The Kayani doctrine
There are two types of arms in an army: fighting and supporting. Out of the fighting arms – those which bear the brunt of frontline action – Pakistan’s army features three branches: the armoured corps (comprised of tanks), the infantry (foot as well as mechanised troops) and the artillery (constituted by, unsurprisingly, some very big guns).
Effectively, an army officer’s early years are spent learning the basics of the arm he is attached to. For example, before he was a general, General Zia commanded a troop, a squadron, a unit, a brigade and even a division of tanks. Little surprise that he was a bit of a tank (in an insensitive, power-tripped kind of way) himself when it came to eliminating the opposition. Like the forbidding equipment he was trained on as a young officer, Zia had an iron-fist, scorched earth, destroy-it-all approach to his adversaries. Most interestingly, his end – caused by a huge explosion – was also similar to the destruction of a tank. If he had not exploded in mid-air, he most probably would have kept pulverising Pakistan.

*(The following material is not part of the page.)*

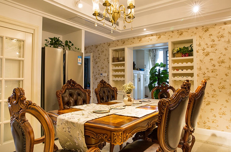 亮色的软装挂件和鲜花绿植,让整个空间从沉闷中被打破。不论餐桌椅等家具还是窗帘,在细节之处都有休闲美式的影子,同时又能从细节中透出英式的浪漫。不仅不会让人感到突兀,让两种风格彼此独立存在,还能让空间保留两种风格本质的精神,融为一体。

Similarly, before he was a ‘commando’ or even the ‘chief executive’, General Musharraf was an artilleryman (or a gunner, as all such soldiers are called). Gunners have a notable reputation in the army. Sure, they see a lot of front-line action, but every soldier knows that gunners are never really in the thick of things. Thanks to their calculators, compasses, maps, and protractors and yes, guns (huge, overcompensating guns), their tertiary, secondary and primary jobs are to scare, badger or blow (respectively) the opposition from miles away. Unfortunately, due to inaccuracy in their calculations, and despite good surveillance and/or intelligence, gunners may end up either missing the enemy, killing civilians and sometimes even their own forces – and because of entrenchment, they rarely ever get to see what’s coming. For those who watch Musharraf the politico, this should all sound very familiar.
Commandos, on the other hand, are snobby know-it-alls who are trained to survive before being trained to kill. Clearly, in retrospect, Mush was more of an artilleryman and less of a commando, but did have a bit of both worlds in him: inherent inaccuracy, combined with a propensity to be a know-it-all, but without any survival instincts.
Musharraf’s artillery regiment is also famous for another, more generous act: when it can no longer – usually thanks to a technological upgrade – use a certain gun, it transfers that weapon to the infantry. For example, mortars were once used by the artillery, but are now deployed by our foot soldiers. Call it a transition of power, or a deathly tradition of hand-me-down, but the gunners and the Queen of Battle (as the infantry is universally referred to) share a special relationship: what is unfit for the artillery, the infantry makes do with.
Pakistan’s ‘Soldier’s Soldier’, General Ashfaq Kayani, is an infantryman, and he is making do with what the artilleryman Musharraf left him with. In his almost 40 years with the army, Kayani has commanded a lot of men (sections, platoons, units, brigades, divisions, even corps and yes, one very, very important directorate), but as an “infantarian”, his early training denied him the steel-blanket security of a tank or the embedded safety of a distant gun position.
Before the motorcades, the MI and SSG details, the trips to Spain, the Time Magazine power rankings, the golf presidencies and the ivory cigarette filters, Kayani was trained to be a foot soldier and face fire: directly and with little protection. That should say something about his martial raisons d’état.
More than armour’s cavaliers, or the keen, lean and mean gunners, (yes, that is what artillerymen are lovingly referred to in the army, though Mush doesn’t qualify for any of those terms these days) Kayani’s early schooling instilled in him the critical doctrine of the fighting arms: at the end of the day, the guns and the tanks might do a lot of damage, but it is the infantryman who always secures an objective. Thus, a good infantryman always has to be his ‘own man’.
And it doesn’t end there. A good infantry officer also has to work harder to protect his men and assets than his armour and artillery colleagues. Why? Because without the hardened protection of armour, and the covered distance of artillery, all bets are off for safety when the infantry’s foot soldiers are deployed. So infantry officers, used to higher fatalities in the field – where they confront danger directly in the eye – have a natural proclivity to be more cautious and protect their own when it comes to battlefield engagements.
That is the tip of the iceberg of what is the Kayani doctrine: Pakistan’s Silent Soldier is naturally more conservative in his cost-benefit analysis of committing troops to battle, thus he can be expected to resort to unconventional tactics where the costs of engagement seem low: espionage, subterfuge, asymmetrical warfare and what the army calls ‘minor ops’. Compounded by his ‘son of the soil’ Jhelum roots, Kayani can also be held to better understand the larger psyche of the army (most of that armed force is constituted of infantry troops).
As for his resume, (DG-ISI, DG-MO, X corps commander, Benazir’s deputy military secretary) it looks like he has always been the right guy in the right place at the right time...But that perfect coincidence begs the question: Was Kayani ‘groomed’ by the Establishment – Pakistan’s Deep State – to be the right guy in the wrong place at the wrong time, at least for the rest of us?